= New Freedom Theatre =

Theatre in Philadelphia, Pennsylvania, US

New Freedom Theatre is an African-American theatre company in residence at the Freedom Theatre in Philadelphia established in 1966. The theatre has mounted several hundred productions as well as having taught tens of thousands of students in their 50-year-old educational programs history, making it Pennsylvania's oldest African-American theatrical institution.

==History==

=== Founding ===
The New Freedom Theatre was founded in 1966 by John E. Allen Jr while working as a supervisor at the Sun Oil Company (now known as Sunoco). He left his job in 1973 to run the theatre full-time. At first, the theatre used the facilities of the nearby Temple University and ran out of a storefront in North Philadelphia but was able to move in 1968 to the Edwin Forrest House on North Broad Street with help from Robert E. Leslie Sr. The building was initially owned by a brewer called William Gaul. In 1853 Edwin Forrest, a prolific tragedian, purchased the home. Upon his death in 1872, Edwin left his estate to retired actors.

In the early days of the theatre, crime such as prostitution and drug dealing that occurred within the theatre's neighborhood. To protect the theatre students, Allen would ask criminals to leave the area before they arrived for classes. Crime has since decreased with time and the installation of more streetlights.

The facility now houses small meeting & rehearsal rooms, a black box theatre, a private reception lobby, and 299-seat proscenium John E. Allen, Jr.

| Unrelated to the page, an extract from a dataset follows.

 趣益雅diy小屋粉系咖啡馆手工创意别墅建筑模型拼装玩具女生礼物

Theatre.

===Acquisition===
On July 10, 1990, The New Freedom Theatre was acquired by the Pennsylvania Historical and Museum Commission, which provided renovations for the New Freedom Theatre for a nominal sum.

==Neighborhood==
The New Freedom theatre is surrounded by other historical sites including the Blue Horizon boxing venue, located on the same block as the theatre, which dons a mural of Muhammed Ali, Joe Frazier, George Foreman, and Larry Holmes on its wall facing the theatre. Across Master Street sits the Great Harvest Baptist Church, built in 1823. North of the theatre is the Leon H. Sullivan Human Services Center, which houses a variety of social service organizations.

==Leadership==
After the death of co-founder and artistic director John E. Allen, Jr., the theatre's board of directors appointed Walter Dallas, former head of Philadelphia's University of the Arts theatre program. Dallas made the theatre an Equity house and created links with theatre professionals across the country to bring prominence to the New Freedom Theatre. Under the leadership of Walter Dallas, the company completed a $10-million capital fund-raising drive which created the 299-seat John E. Allen, Jr. theatre, which opened for the 1996–1997 season (American Theatre 1995 Graham).

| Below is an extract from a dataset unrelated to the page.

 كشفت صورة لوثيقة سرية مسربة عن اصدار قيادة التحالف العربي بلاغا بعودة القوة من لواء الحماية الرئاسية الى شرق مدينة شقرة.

The current artistic director of The New Freedom Theatre is Rajendra Ramoon Maharaj. He is an Indo-Caribbean American artist, educator and activist. His credits at the New Freedom Theatre include The Ballad of Trayvon Martin, Jamaica, Don't Bother Me, I Can't Cope, The Colored Museum, and Walk Through Time.

The executive producing director is Sandra Norris Haughton. She is known as a successful professional in evaluating and implementing new strategies for cultural institutions in distress and developed transformational strategies to redefine and make them viable.

==Education==
New Freedom Theatre offers educational programs for all age groups including elementary, middle school, high school, and adults. Educational program participants study traditional and contemporary performance skills and theory, theatre techniques, writing and aspects of technical production.

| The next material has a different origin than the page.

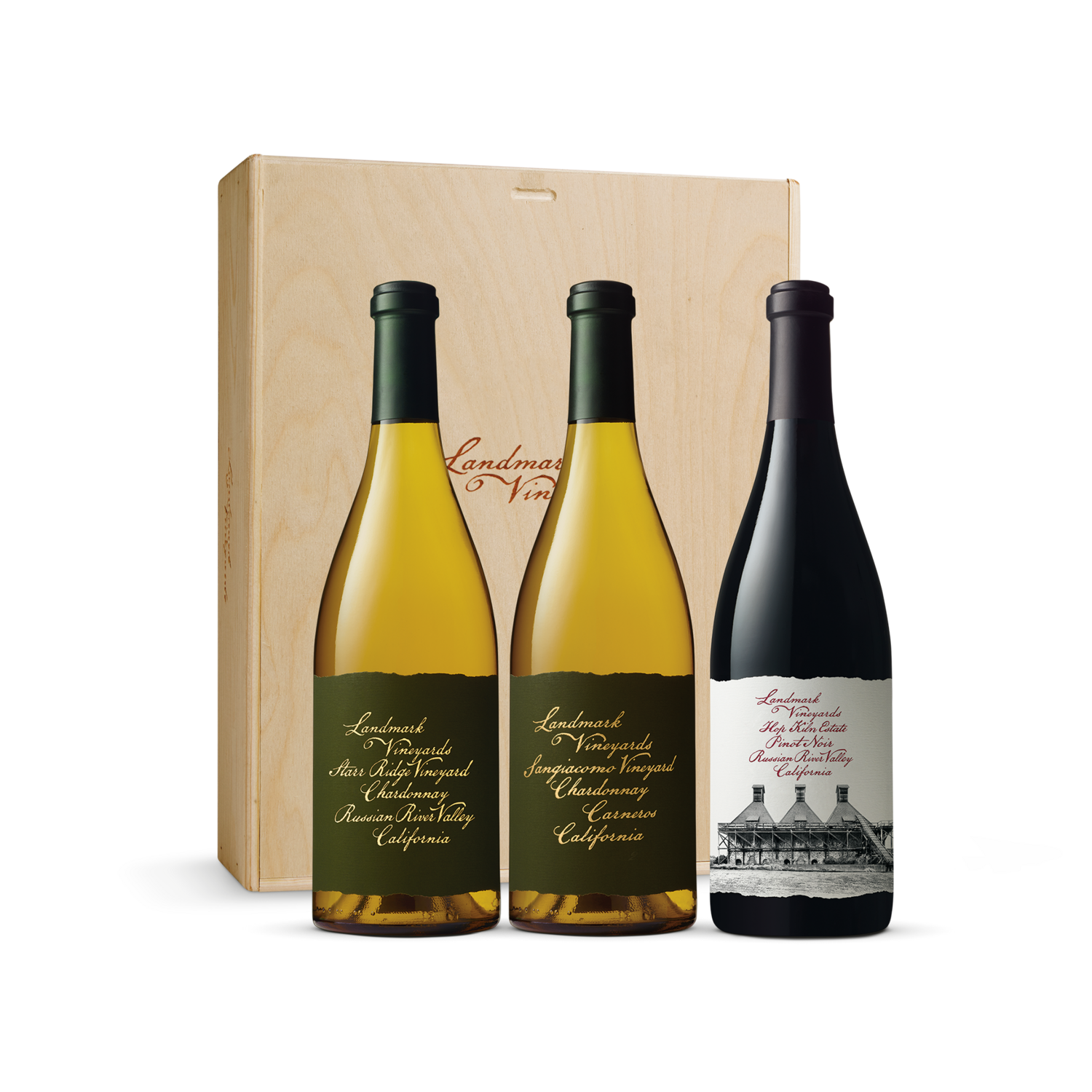 To highlight this legendary winemaking region, this 750mL trio of Sonoma County favorites showcases the unique characteristics of Carneros and the Russian River Valley. Each region is characterized by foggy mornings and sunny days followed by very cool nights, which allows chardonnay and pinot noir grapes to develop full-flavor maturity.

65% of Philadelphia school children finish high school while 98% of Freedom Theatre students do, and 55% of Philadelphia high school graduates move on to higher education while 85% of Freedom theatre students do.

==Theatre alumni==
Alumni of the theatre include: Leslie Odom, Erika Alexander, Samm-Art Williams, and Wanya Morris.

==Controversy==
In 2016, there was backlash when a group of instructors at the New Freedom Theatre Performing Arts Training School were fired after years of service, three of which were long-time faculty members, including two of Robert E. Leslie's daughters (Gail Leslie, Diane Leslie). Leadership says they were revamping the program due to low enrollment, and to make the theatre stronger and more sustainable.